▶ [Exercise instructions]: Pictures excluded, copy all of the data below exactly.

▶ [Data]:
━━━━━━━━━━━━━━━━━━━━━━━━━━━━━━

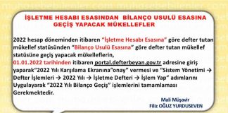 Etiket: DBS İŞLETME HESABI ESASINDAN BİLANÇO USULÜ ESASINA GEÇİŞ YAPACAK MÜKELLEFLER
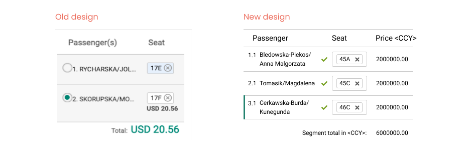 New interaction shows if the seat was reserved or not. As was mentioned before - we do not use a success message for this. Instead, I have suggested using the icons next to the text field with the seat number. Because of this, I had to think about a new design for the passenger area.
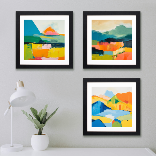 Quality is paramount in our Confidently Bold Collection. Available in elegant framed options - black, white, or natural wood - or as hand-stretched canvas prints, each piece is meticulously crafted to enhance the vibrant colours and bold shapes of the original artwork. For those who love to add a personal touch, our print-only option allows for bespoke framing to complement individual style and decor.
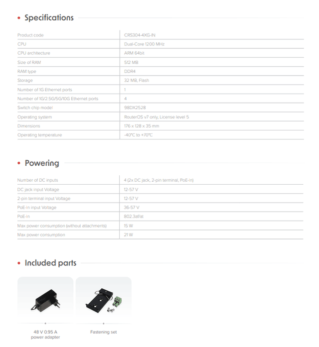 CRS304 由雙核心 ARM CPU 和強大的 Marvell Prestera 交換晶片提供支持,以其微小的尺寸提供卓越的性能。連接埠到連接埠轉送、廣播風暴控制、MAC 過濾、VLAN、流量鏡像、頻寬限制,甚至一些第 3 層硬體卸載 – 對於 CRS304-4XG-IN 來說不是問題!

━━━━━━━━━━━━━━━━━━━━━━━━━━━━━━

▶ [Output of the task]:
 Etiket: DBS İŞLETME HESABI ESASINDAN BİLANÇO USULÜ ESASINA GEÇİŞ YAPACAK MÜKELLEFLER
 New interaction shows if the seat was reserved or not. As was mentioned before - we do not use a success message for this. Instead, I have suggested using the icons next to the text field with the seat number. Because of this, I had to think about a new design for the passenger area.
 Quality is paramount in our Confidently Bold Collection. Available in elegant framed options - black, white, or natural wood - or as hand-stretched canvas prints, each piece is meticulously crafted to enhance the vibrant colours and bold shapes of the original artwork. For those who love to add a personal touch, our print-only option allows for bespoke framing to complement individual style and decor.
 CRS304 由雙核心 ARM CPU 和強大的 Marvell Prestera 交換晶片提供支持,以其微小的尺寸提供卓越的性能。連接埠到連接埠轉送、廣播風暴控制、MAC 過濾、VLAN、流量鏡像、頻寬限制,甚至一些第 3 層硬體卸載 – 對於 CRS304-4XG-IN 來說不是問題!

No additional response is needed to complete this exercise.